(Stored items)
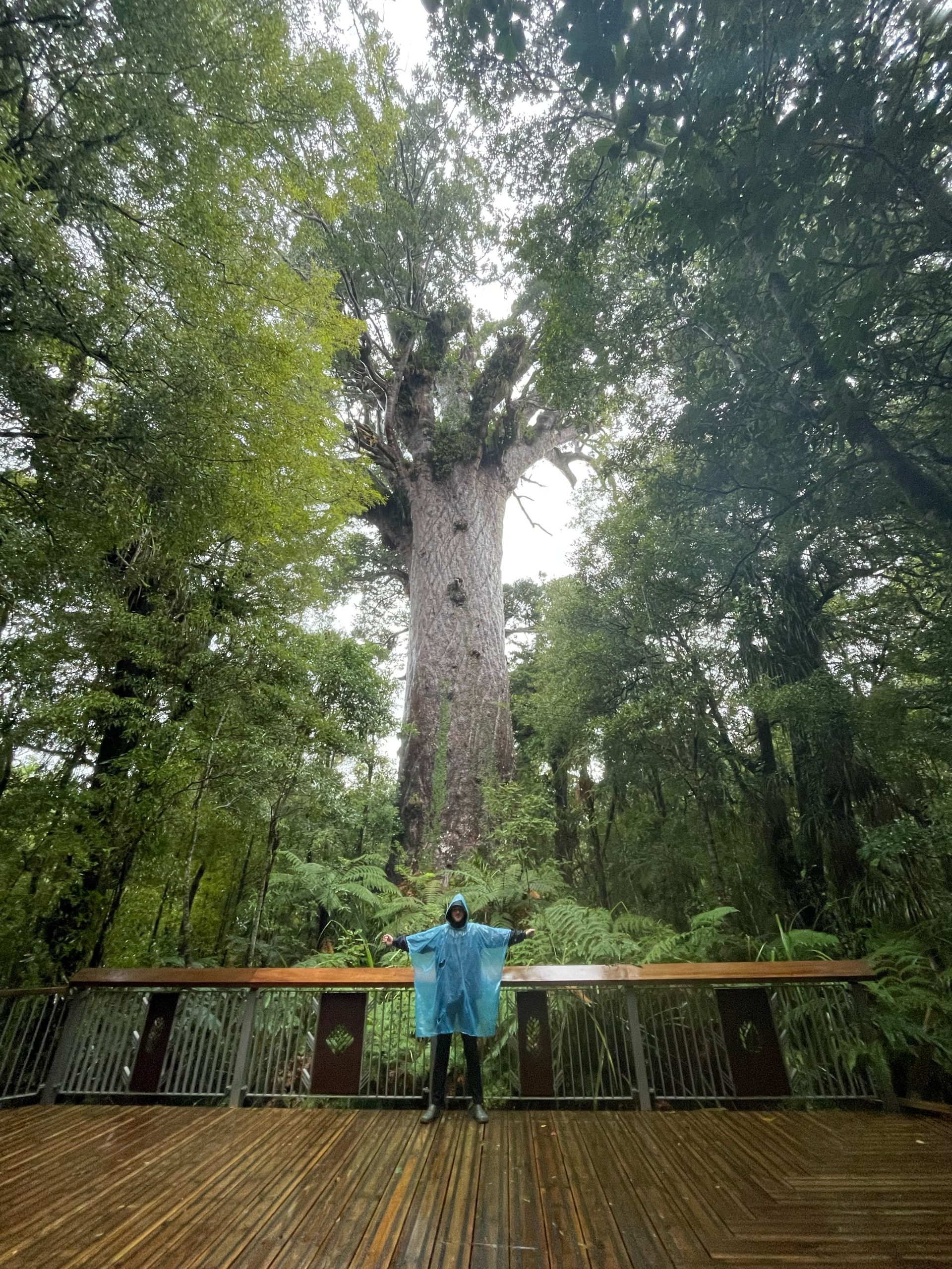 So, zurück zu Tane Muhata! Dieser besondere Baum ist mit einem geschätzten Alter von 1500-2000 Jahren der älteste bekannte Kauri Baum. Außerdem ist er mit über 50 Metern Gesamthöhe auch der höchste Baum dieser Art und er hat sogar das fünftgrößte Volumen aller Bäume weltweit! Ihr könnt euch also vielleicht ansatzweise vorstellen, wie unfassbar riesig dieser Baumriese ist. Wir hatten sehr Glück, dass wir ihn noch sehen konnten, weil der Zugang zu ihm täglich ab 15 Uhr gesperrt wird. Aufgrund seiner großen Bedeutung für die Māori und als geschützte Attraktion stehen tagsüber immer zwei Wächter am Eingang zu dem kleinen Weg, die jeden Besucher dazu anhalten sich die Schuhe zu desinfizieren und aufpassen, dass niemand den Weg verlässt. Wir sind erst kurz vorher angekommen und wurden als letzte Besucher des Tages noch hereingelassen. Deshalb hatten wir leider nicht so viel Zeit, um diesen riesigen Baum zu bewundern, aber bei dem starken Regen hätten wir vermutlich ohnehin nicht allzu lange dort stehen wollen. Als wir endlich vor dem riesigen Kauri standen, konnte ich einfach nicht glauben, dass es sich dabei wirklich um eine Pflanze handelt! Dieser Baum hat schon so viele Jahrhunderte erlebt, in seiner Lebensgeschichte ist mein ganzes bisheriges Leben vermutlich nicht mehr als Wimpernschlag. Ich bin wirklich dankbar, dass wir dieses gigantische Wesen besuchen konnten und ich wünsche dem Herren des Waldes noch viele weitere Jahrzehnte! Wegen des Regens haben wir uns dagegen entschieden noch andere berühmte Kauri-Bäume zu besichtigen, aber die Straße durch den Wald selbst war schon sehr schön.
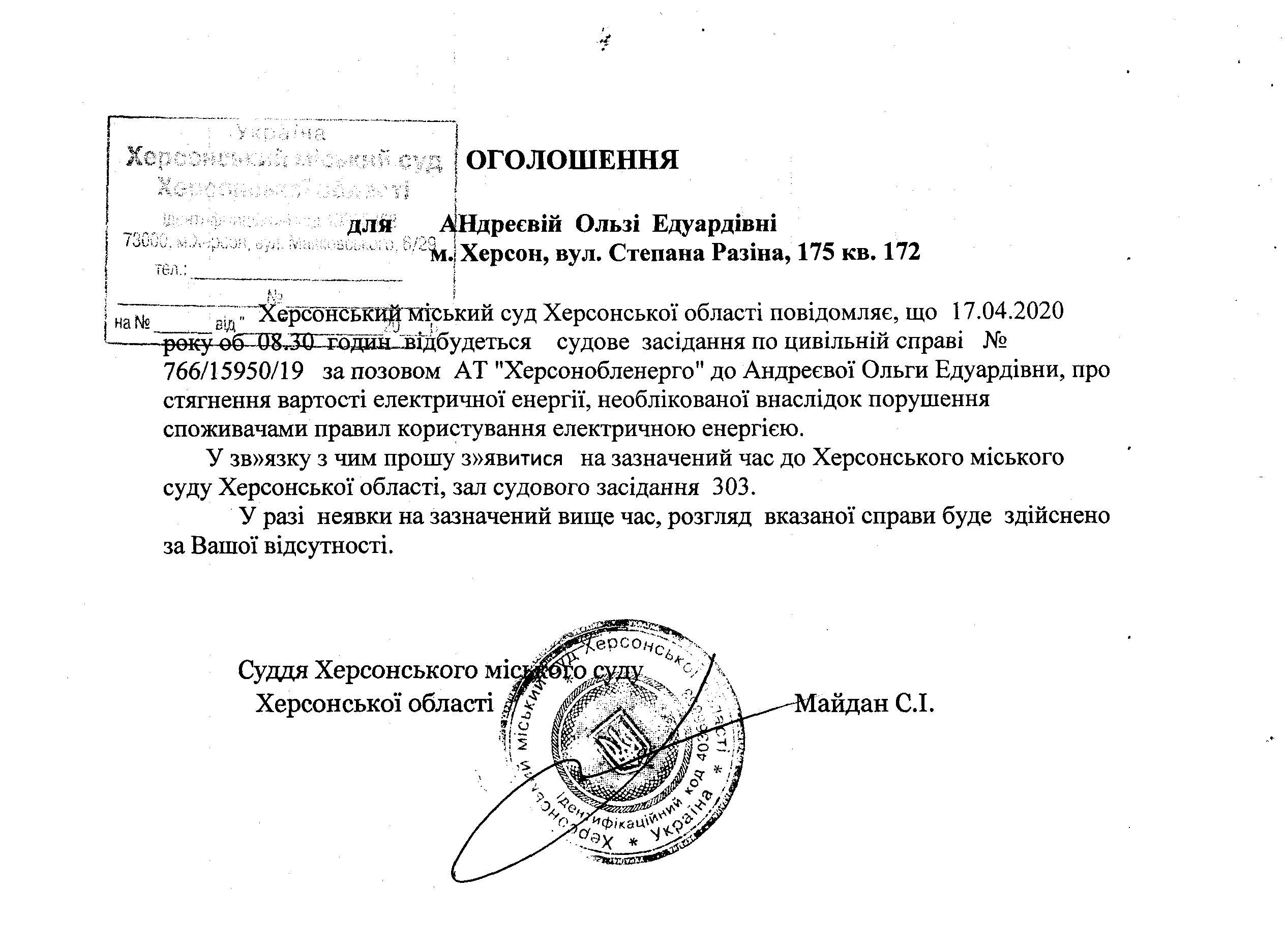 ОГОЛОШЕННЯ ПРО ВИКЛИК ДО СУДУ
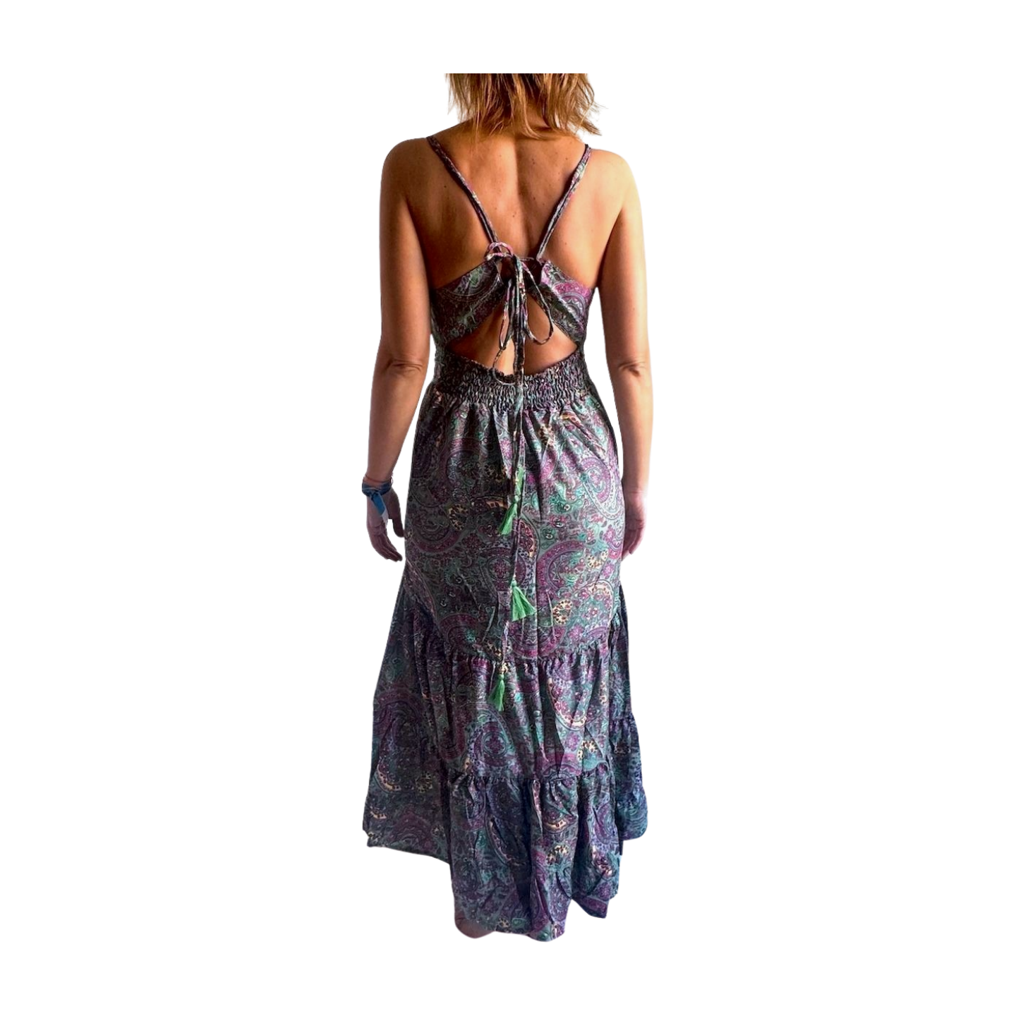 Se ajusta a la cintura mediante goma elástica y cintas que se entrelazan dejando la espalda descubierta.
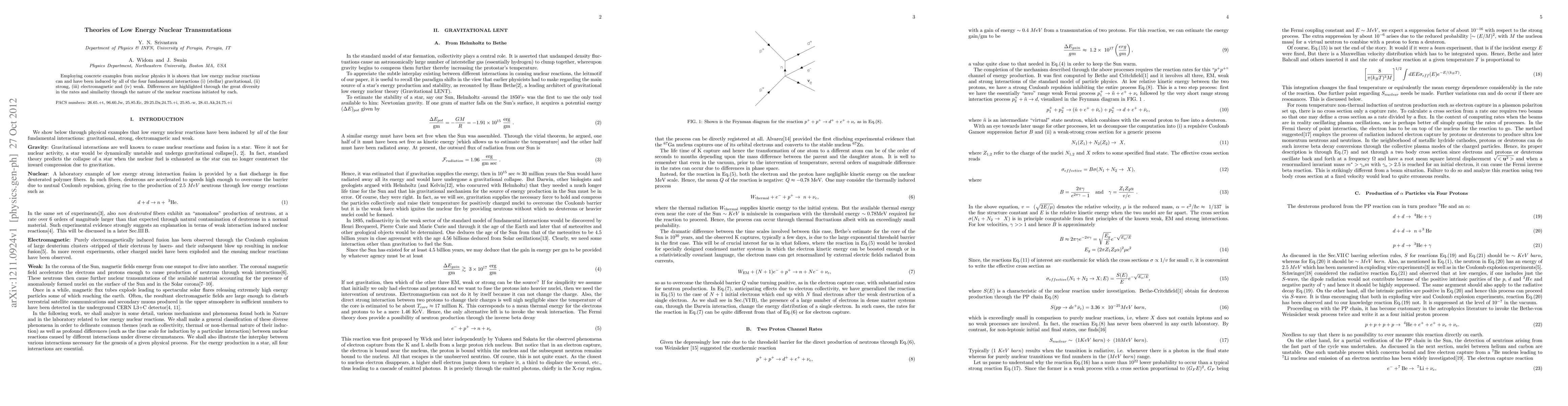 This paper demonstrates that low energy nuclear transmutations can be induced by all four fundamental interactions—gravitational, strong, electromagnetic, and weak—each leading to diverse reaction rates but similar nuclear transformation processes.
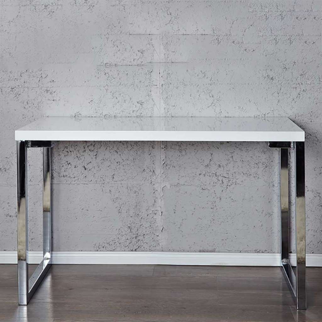 Bürotisch in Weiß Hochglanz verchromtem Bügelgestell
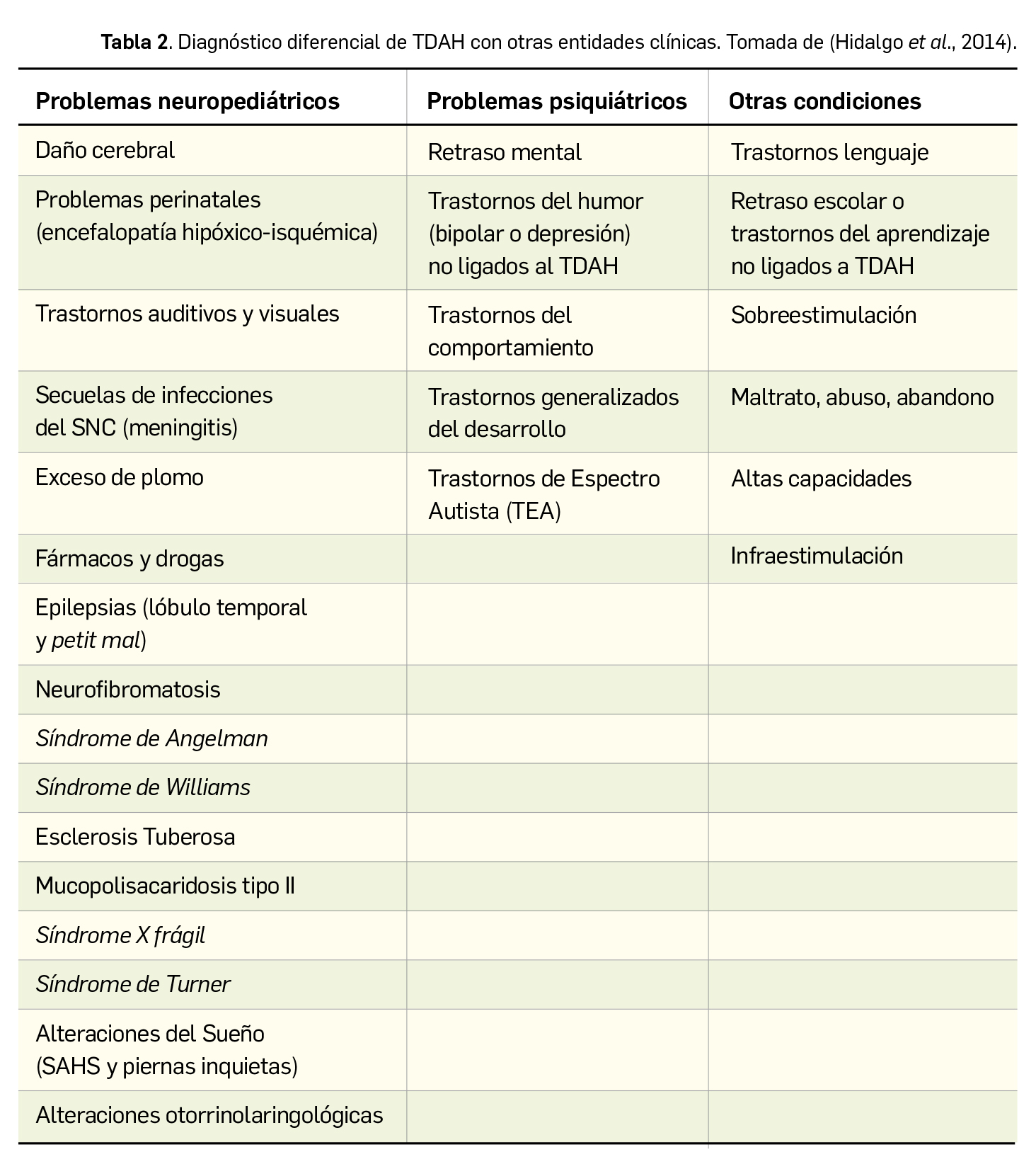En cuanto a su abordaje, no existe ninguna prueba gold-standard para el diagnóstico del TDAH, que debe basarse en una valoración clínica exhaustiva que incluya una anamnesis completa, exploración física y psicopatológica del paciente, y una evaluación de su entorno psicosocial. De hecho, el tratamiento, multimodal, se debe iniciar con modificaciones del entorno que disminuyan el impacto de los síntomas, reservando el uso de fármacos para cuando haya riesgo de deterioro en más de un ámbito de la vida del paciente. Para la intervención farmacológica, se dispone de fármacos estimulantes, como metilfenidato y lisdexanfetamina, y de fármacos no estimulantes, como atomoxetina y guanfacina. El presente artículo revisa en mayor profundidad todos los conceptos aquí resumidos.
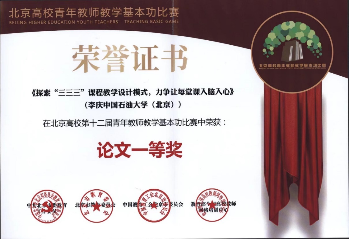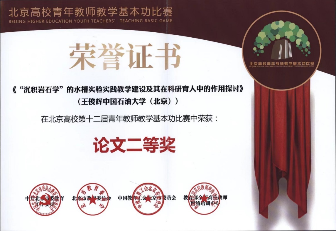 2022年7月,中国教育工会北京市委员会公布北京高校第十二届青年教师教学基本功比赛论文比赛获奖名单。地球科学学院副教授李庆参赛论文《探索“三三三”课程教学设计模式,力争让每堂课入脑入心》荣获一等奖,王俊辉参赛论文《“沉积岩石学”的水槽实验实践教学建设及其在科研育人中的作用探讨》荣获二等奖。
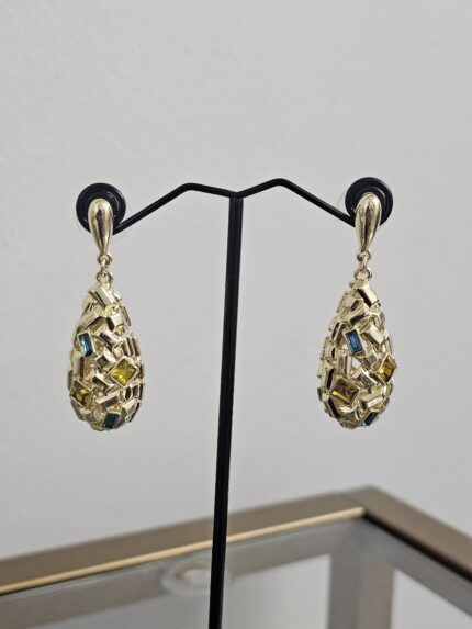 The Gemstone Harmony Drops earrings are a captivating blend of geometric elegance and sparkling gemstones.
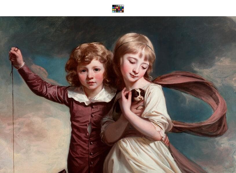 This portrait vividly demonstrates the way differences between boys and girls were viewed in the 18th century. Thomas holds the reins of power, grasping his dogs’ leash assertively, while his sister Catherine is cast in a more nurturing and submissive role, hugging a puppy to her chest. Through costumes that evoke the ancient past and a composition that makes these children tower over the low horizon, Romney lends his young subjects a seriousness and monumentality rarely seen in portraits of young children.
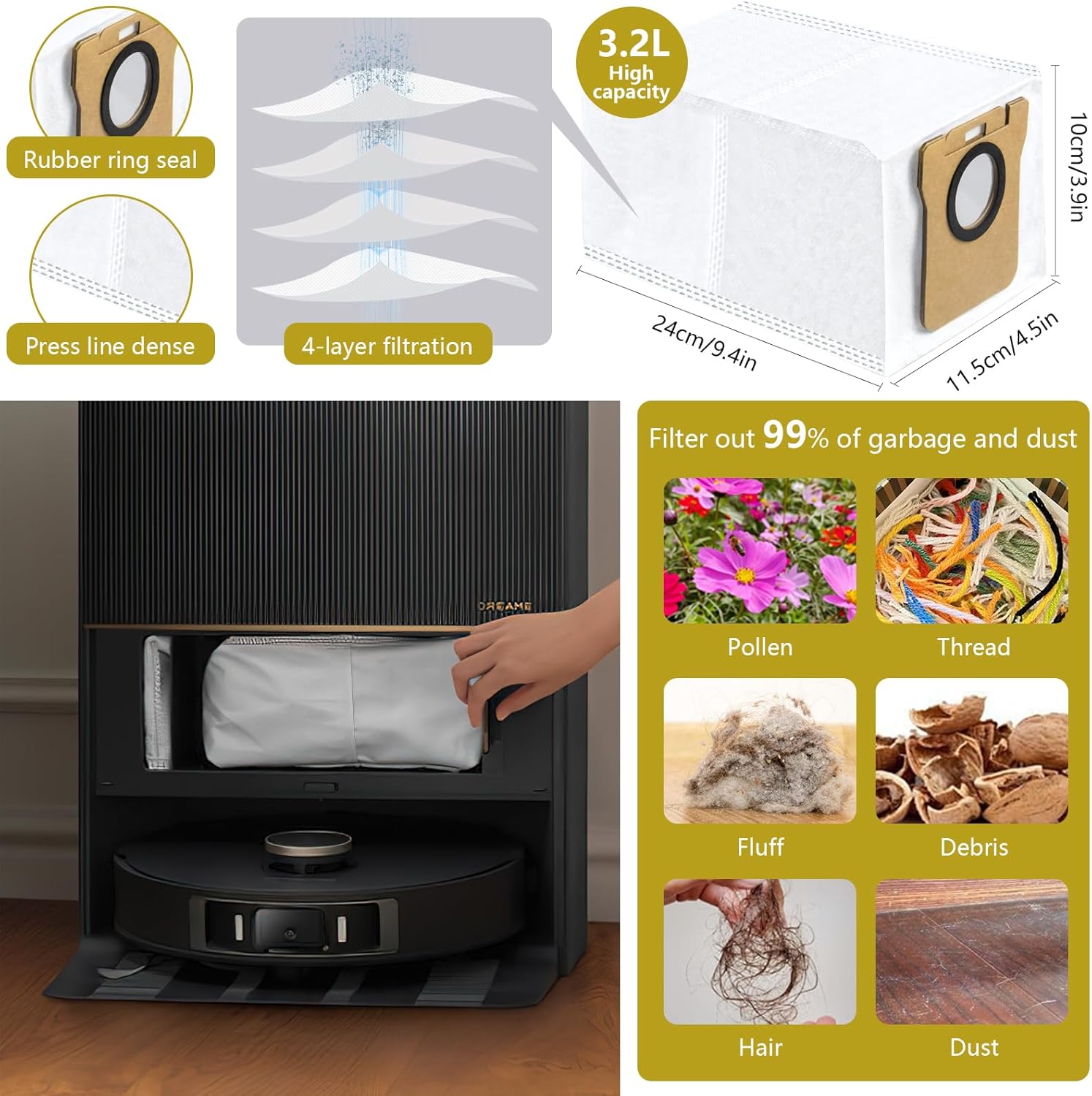 - Auto-Locking Dust Bag : These Vacuum cleaner bag is made of a high-quality filter layer made of melt-blown fiber and non-woven fabric, have a good seal, when you lift the dust bag, it automatically locks to ensure that dust and dirt stay inside.
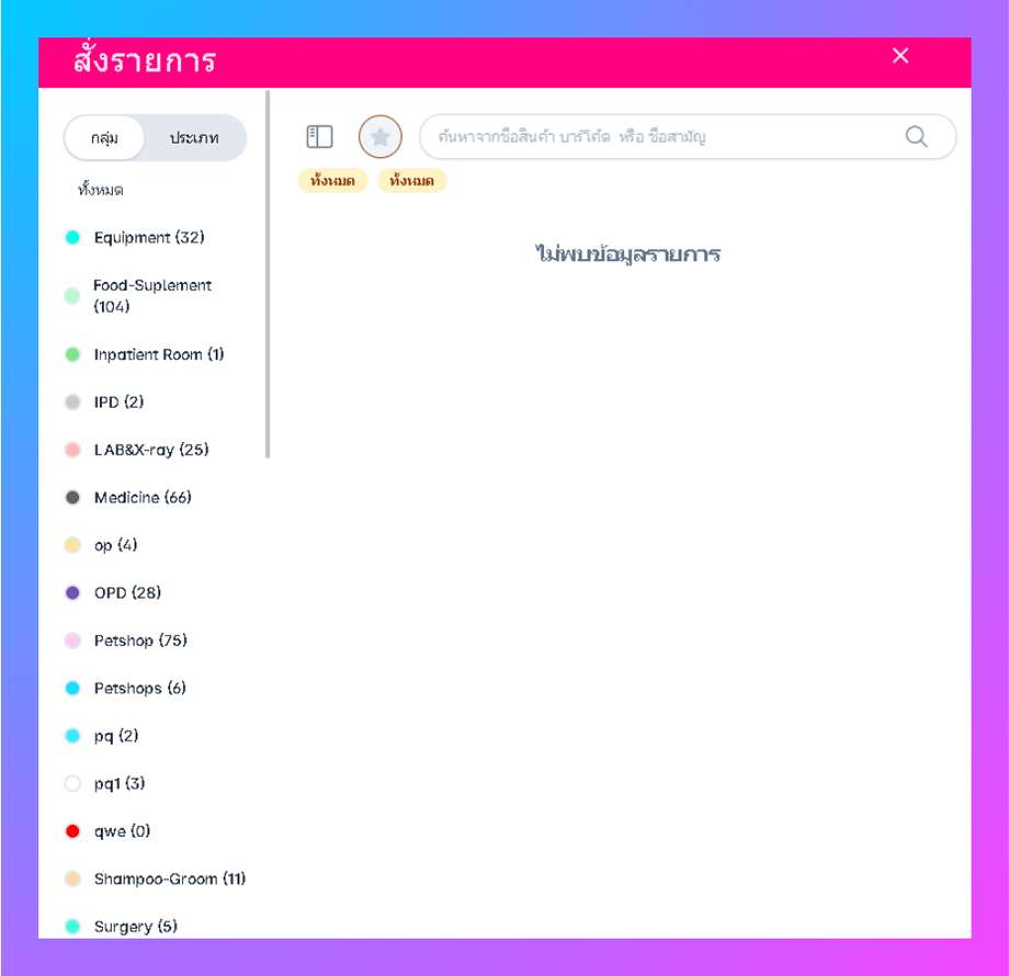 ระรบบจะเข้าสู่หน้าสั่งรายการผู้ใช้สามารถสั่งรายการได้โดย การค้นหาโดยชื่อ หรือหาจาากประเภทและกลุ่มที่อยู่ทางซ้าย

**What the task requires**. All that should appear in the answer is the lines above from the line with "This paper demonstrates" through the line with "Bürotisch in Weiß", retyped exactly, pictures left out.

**Finished task**.
 This paper demonstrates that low energy nuclear transmutations can be induced by all four fundamental interactions—gravitational, strong, electromagnetic, and weak—each leading to diverse reaction rates but similar nuclear transformation processes.
 Bürotisch in Weiß Hochglanz verchromtem Bügelgestell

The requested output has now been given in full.